Healthcare application monetization strategies
There are several ways to make your app profitable; you might want to use some of them, or all of them, depending on the specifics of your app and your vision of its future. Let’s cover some of the most effective ones.
- Registration and subscription fees
This is the most obvious, simple, efficient, and straightforward way of monetizing your app. Users pay a one-time registration fee or subscribe to your services and pay regularly.
- In-app purchases
In-app purchases are a huge deal in modern healthcare app development: statistics show that they amount to almost half of all profits from healthcare applications.
In-app purchases include anything users can spend their money on while using the application. If you develop a yoga application, you can sell additional sets of exercises, and in the case of an mHealth app, there are options of pre-paying doctor visits or purchasing supplements.
- Certified content
Publishing a certain amount of pay-to-see content is a great way to ensure the profitability of your application. For example, you can provide some free content for medical professionals inside your app and make further content certified; if the free content is useful enough, doctors will be inclined to purchase full access.

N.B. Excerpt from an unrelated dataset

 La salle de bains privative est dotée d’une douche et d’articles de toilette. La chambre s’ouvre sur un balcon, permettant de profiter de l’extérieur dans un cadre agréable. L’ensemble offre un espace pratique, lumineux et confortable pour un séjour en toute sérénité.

The freemium model is based on offering two versions of your application: a free version with basic functionality and a premium version, full of additional powerful features. The idea behind this model is that your users will be able to try your application for free, and pay for its full potential if they like it.
- Pinpoint advertising
Advertising as a whole in healthcare apps should be treated with extreme care. People tend to get frustrated by advertising, especially when it comes to such delicate matters as healthcare. However, you can still include advertisements in your app, but they would be much more efficient if you tailor them to your customer’s experience.

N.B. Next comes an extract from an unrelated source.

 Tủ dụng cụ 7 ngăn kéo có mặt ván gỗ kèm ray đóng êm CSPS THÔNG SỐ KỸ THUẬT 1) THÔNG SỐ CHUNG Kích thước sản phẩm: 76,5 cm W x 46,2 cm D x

Let’s assume that a patient just had an online consultation with a doctor and got some pill prescriptions as a result; it would be great if your advertisement system could instantly send them a message with the location of the nearest pharmacy (that you have a contract with) along with a discount coupon. Two birds with one stone.
Final thoughts on the matter
The attempt to develop a healthcare app should be treated with utmost precision, especially if you’re planning on creating a medical health solution. This should not discourage you, though — the market is booming, and users are always enthusiastic about each new solution to the ever-expanding field of healthcare issues.
We hope that our article will help you get your future app to be as profitable as possible.